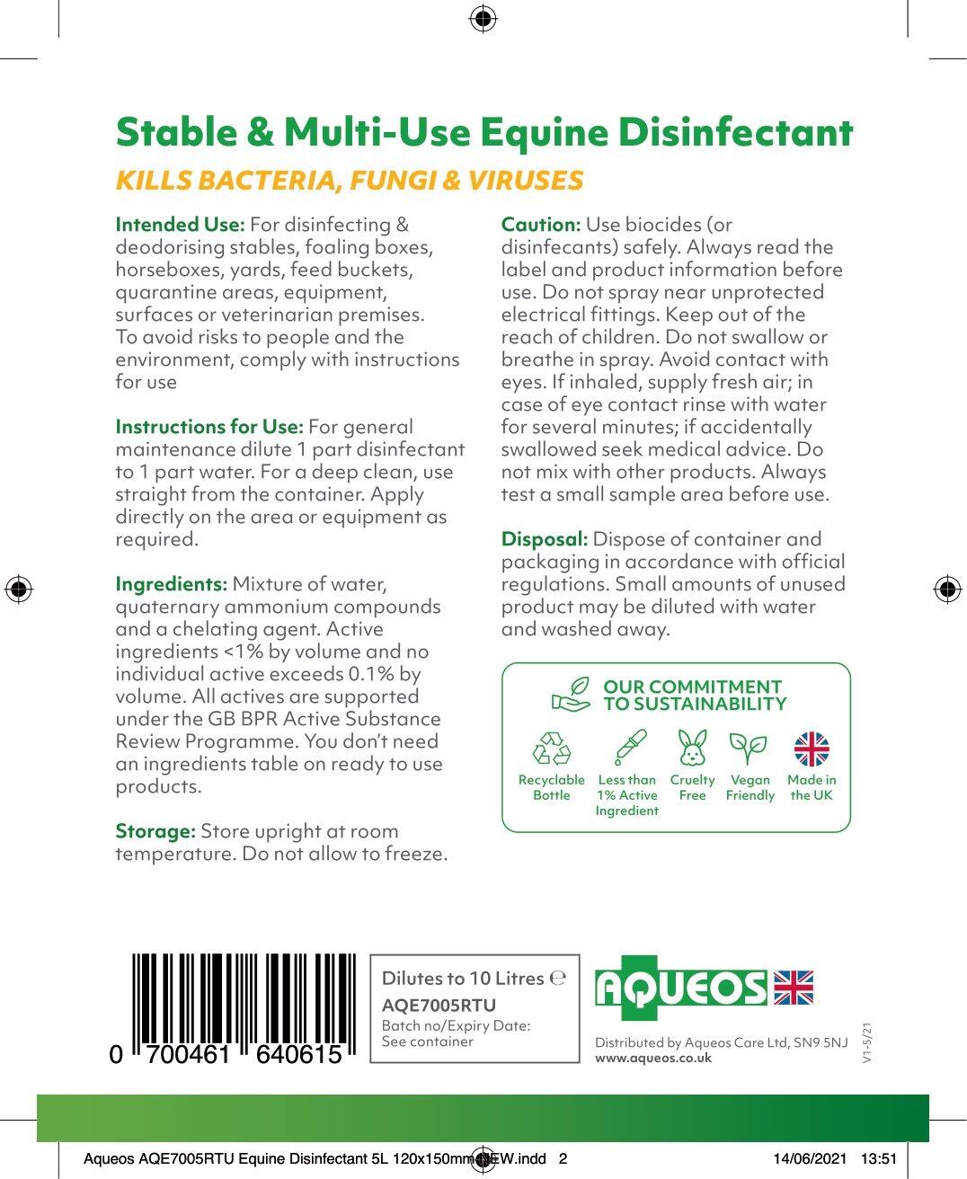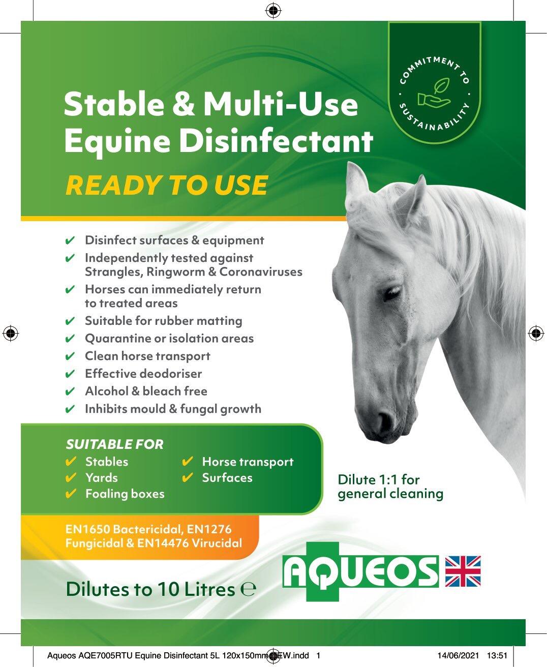 Aqueos equine disinfectant helps with bio-security, giving equestrians and professionals peace of mind. The disinfectant kills 99.999% of viruses, bacteria and fungi and there is no need to rinse after application. Horses and people can return to treated areas immediately. Being alcohol free there is less evaporation so the disinfectant is more effective.
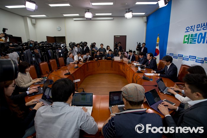 (서울=포커스뉴스) 우상호 더불어민주당 원내대표가 27일 오전 서울 여의도 국회에서 국회법 개정안 관련 대통령 거부권 행사에 대해 입장발표 하고 있다.
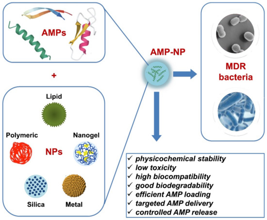 AMPs can be encapsulated within nanoparticles (NPs), thus improving peptide stability and selective cell/tissue targeting, reducing eventual toxicity and exposure to proteolytic enzymes, and promoting, in general, their delivery and therapeutic efficacy. Additionally, NP delivery represents a suitable strategy against the progress of AMR. A targeted drug delivery, together with a controlled release from NPs, should guarantee the presence of AMP therapeutic doses around the pathogen microenvironment and avoid suboptimal ones which can lead to the selection of resistant microbial mutants without killing the target.
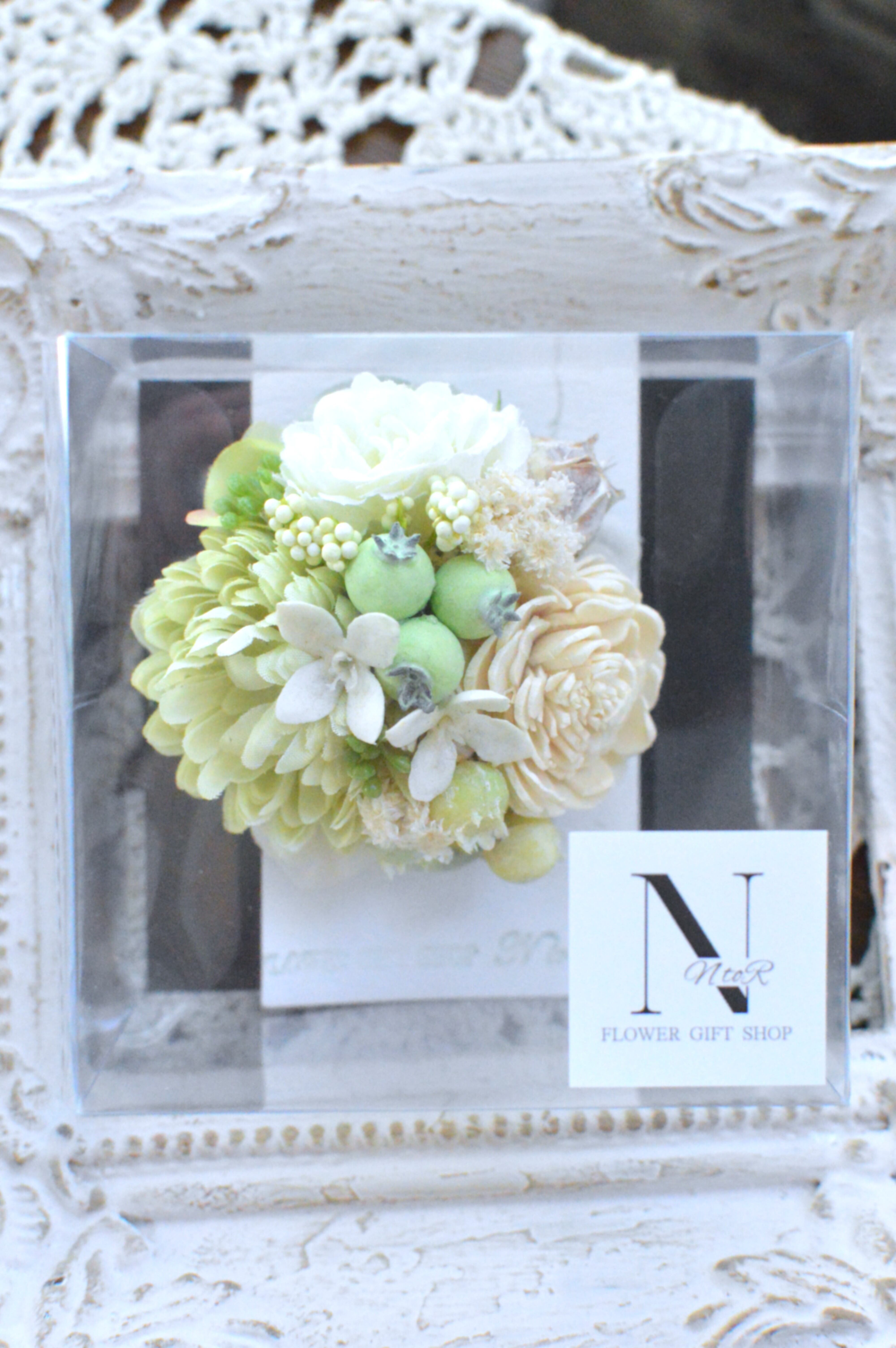 こちらはアーティフィシャルフラワー、ドライフラワーを使用して制作しております。

§

PROBLEM
From the first line above to the line containing "(서울=포커스뉴스) 우상호 더불어민주당", repeat each line exactly. Pictures stay out.

TASK OUTPUT
 Aqueos equine disinfectant helps with bio-security, giving equestrians and professionals peace of mind. The disinfectant kills 99.999% of viruses, bacteria and fungi and there is no need to rinse after application. Horses and people can return to treated areas immediately. Being alcohol free there is less evaporation so the disinfectant is more effective.
 (서울=포커스뉴스) 우상호 더불어민주당 원내대표가 27일 오전 서울 여의도 국회에서 국회법 개정안 관련 대통령 거부권 행사에 대해 입장발표 하고 있다.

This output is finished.